Overview#
Semantic Split C-RADIO is a Computer Vision (CV) NIM designed to process one or more videos and extract scenes of interest, providing semantically distinct data that can be leveraged to train video models.
The Semantic Split C-RADIO NIM provides gpu-accelerated capabilities to detect scene transitions and filter out still and duplicate scenes. It can decode various input formats and re-encode them into an homogeneous format.
The Semantic Split C-RADIO NIM follows the algorithmic design from the Panda-70M paper. It leverages the following:
PyNvVideoCodec for accelerated decoding and encoding capabilities and CV-CUDA for video pre-processing
A gpu-accelerated version of PySceneDetect for initial detection of scenes (splitting)

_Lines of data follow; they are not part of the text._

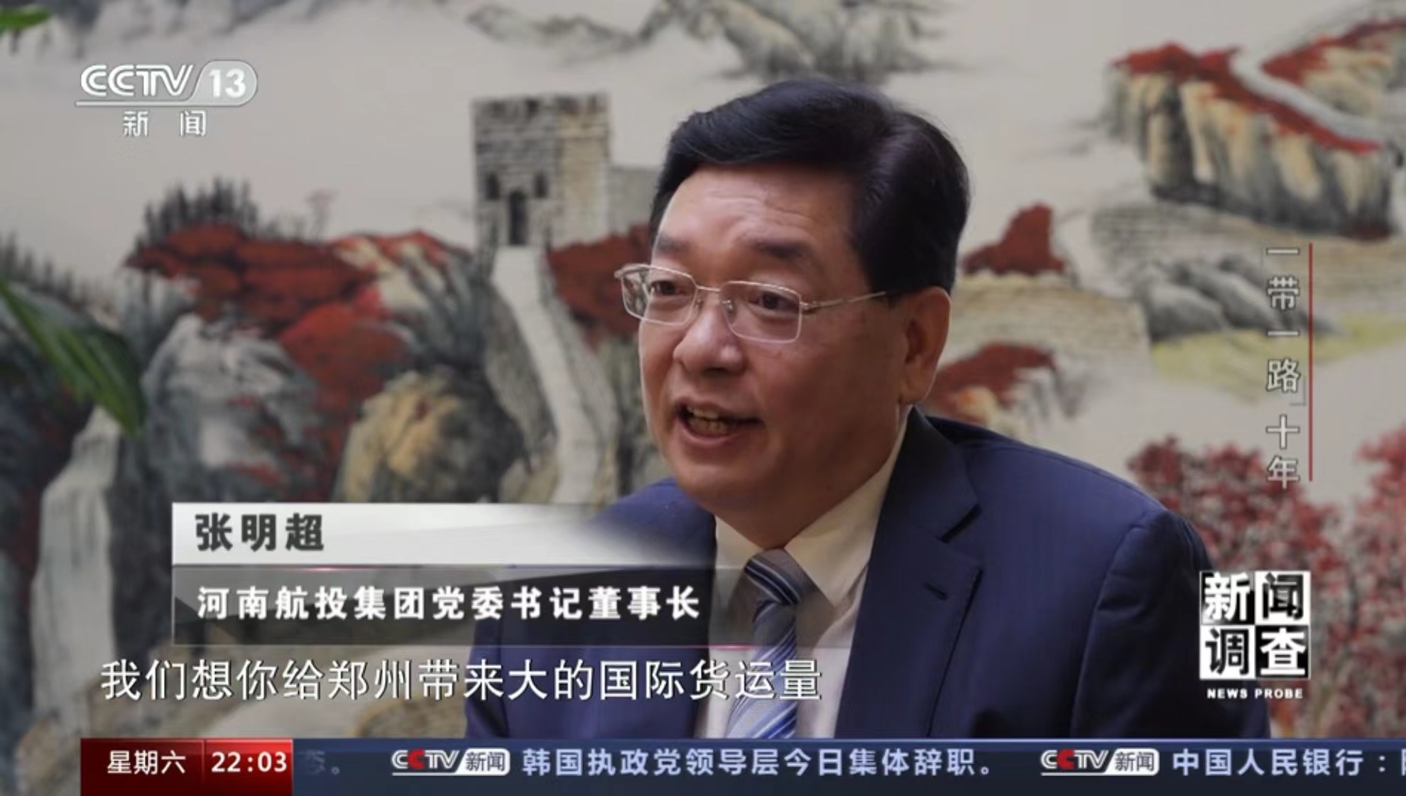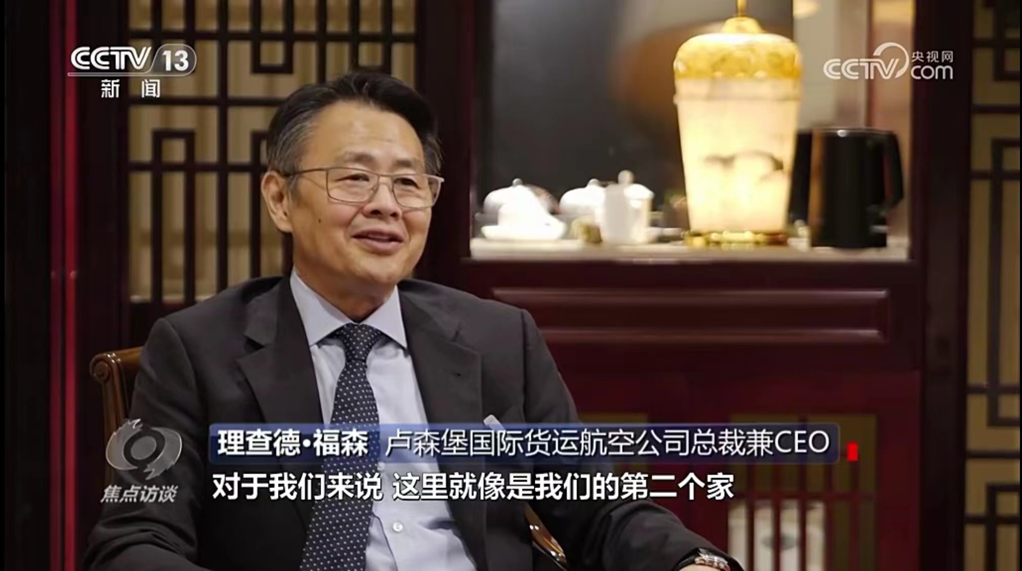10月11日,央視《焦點(diǎn)訪談》播發(fā)系列報(bào)道“絲路同行”第一集——雙向奔赴的繁榮之路。報(bào)道中說,“一帶一路”倡議的提出,讓河南明確了突破區(qū)位限制、向藍(lán)天要效益的開放思路。通過采訪河南航投集團(tuán)黨委書記、董事長(zhǎng)張明超和盧森堡貨航董事會(huì)主席湯姆·維斯格伯、總裁兼CEO理查德·福森,報(bào)道回顧了鄭盧“空中絲綢之路”十年探索實(shí)踐和豫盧之間的友好情誼。節(jié)目評(píng)論道:“(河南航投與盧森堡貨航)之間早已超越了生意伙伴這一簡(jiǎn)單的關(guān)系,多年的合作讓鄭州與盧森堡兩個(gè)航空樞紐之間的互聯(lián)互通真正實(shí)現(xiàn)了彼此雙方互利共贏和美美與共。這一切都在詮釋著‘一帶一路’倡議的核心要義?!?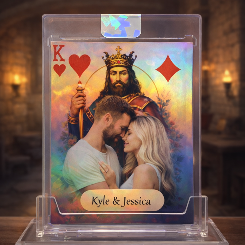 This Personalized Couple Card transforms your image into a premium, rainbow-finish display piece, sealed inside a clear protective case for long-term preservation.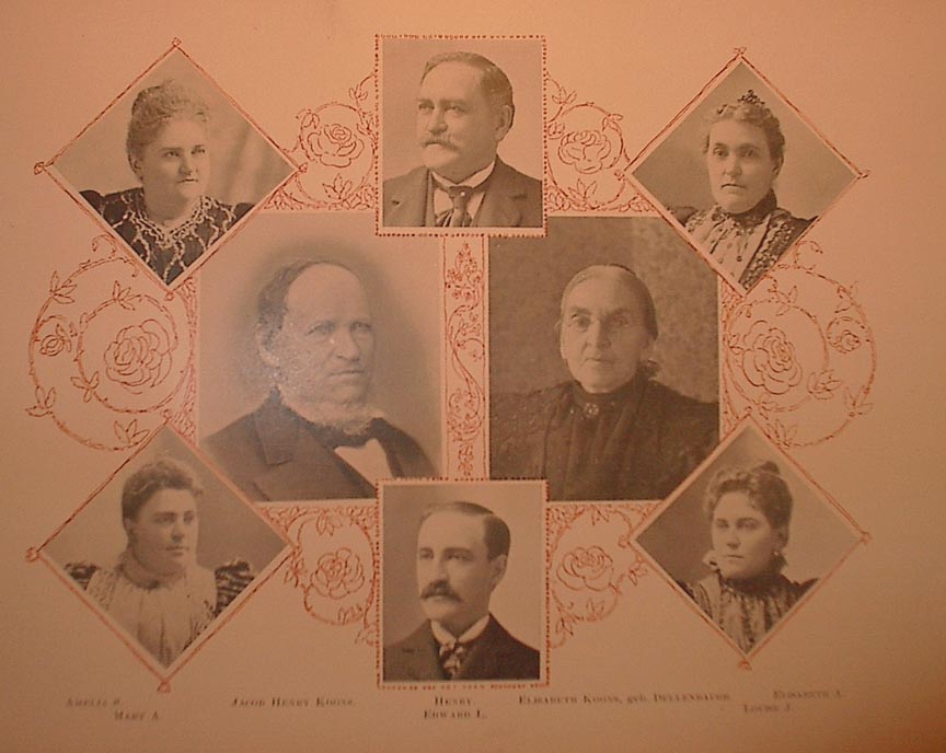 Jacob Henry Koons was one of the most successful German settlers to come to Buffalo in the 1830s. He was born in Alsatia in 1806, attended school there, and emigrated to America in 1828. He worked for many months on a farm in the vicinity of Guilderland, Albany County, N.Y. but then established an emporium * with his compatriot, F.J. Handel. The friends, who had left Alsatia together, operated this business until 1832.They then came to Buffalo and opened a small store on Main Street near Genesee. They sold specialty items or notions such as watches. Since Mr. Koons and his partner were capable businessmen, they were able to move forward and later establish a branch store in Paris, Ohio.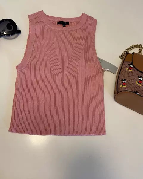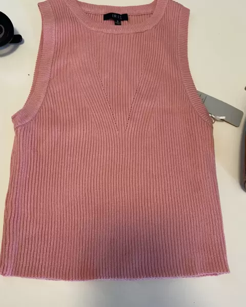 Blusa tejida. Blusa rosa, sin mangas, la tela estira bastante, así que también le queda a una talla M. Nueva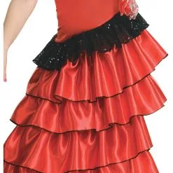 Das Spanierin Kostüm besteht aus einem roten Satinkleid im Flamenco Stil. Der Rock wurde mit den charakteristischen Volant designt und als oberste Schicht wird ein schwarzer Stoff als kontrastreicher Abschluss mit Glitzerpunkten und einer Rose aus Tüll genommen. Dieser schwarze Stoff wird auch noch einmal am Dekolletee verwendet. Das Senorita Kleid ist asymmetrisch geschnitten und wird auf der rechten Seite durch einen durchsichtigen Träger gehalten. Als kleines Accessoire ist dem Flamenco Kostüm eine Haarspange mit Rosenverzierung bei gefügt, die du hervorragend mit der Gekräuselte schwarze Kinder Zopfperücke kombinieren kannst.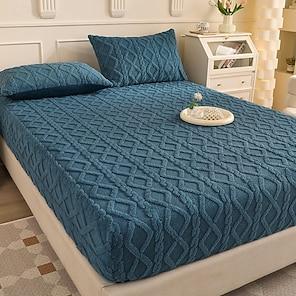 Sammet Måttsydd Lakan Lyxigt Supermjukt Mysigt Stickad Lämplig för Höst Vinter och Vår Enfärgad

The commercial RADIO model for semantic understanding (frame embeddings), to perform scene stitching and filtering (filtering of scene transitions, still and redundant scenes)
FFMPEG to read the video metadata, perform audio muxing and file splitting (no decoding/encoding)
Advantages of NIMs#
NIMs offer a simple and easy-to-deploy route for self-hosted AI applications. Two major advantages that NIMs offer for system administrators and developers are the following:
Increased productivity — NIMs allow developers to build generative AI applications quickly, in minutes rather than weeks, by providing a standardized way to add AI capabilities to their applications.
Simplified deployment — NIMs provide containers that can be easily deployed on various platforms, including clouds, data centers, or workstations, making it convenient for developers to test, deploy and scale their applications.
This NIM provides a fast, efficient set of methods behind a consistent API for processing large volumes of video data into semantically distinct video clips that can be leveraged to train video models.
Limitations of Early Access Release#
The following are the limitations of this Early Access release:
Limited to only certain hardware
Only tested on hardware that has NvDecoder and NvEncoder. Current configuration is optimized for L40s and L20.
Limited output format support
Only H.264 MP4 is supported. The resolution must be the same as the input.
Limited input format support
See Supported Formats.
Limited in reporting current progress
Only one call to the video splitting end-point is possible at a time.
All requests are synchronous blocking requests.
No partial or streaming responses are returned. The client must wait until the full request is processed.
Limited load balancing
For optimal performance and HW utilization each video split request should meet the following guidelines:
Input Paths should be a multiple of 6, with recommended sizes of [36,42,..,126]
Videos should be of roughly the same overall length.
Requests that do not conform to the above guidelines should be performed correctly provided all other requirements are met but may deliver sub-optimal performance.
No support for videos with a Variable Frame Rate(VFR)
Videos with VFR produce undefined behavior.
ffmpeg can be used to check if a video has a variable frame rate
Refer to section Troubleshooting for instructions to check if a video has VFR.
Not optimized for long form video processing
Early access release has been optimized for processing short form videos of length less than 30 mintues.
Long form videos of length greater than 30 minutes may deliver sub-optimal performance.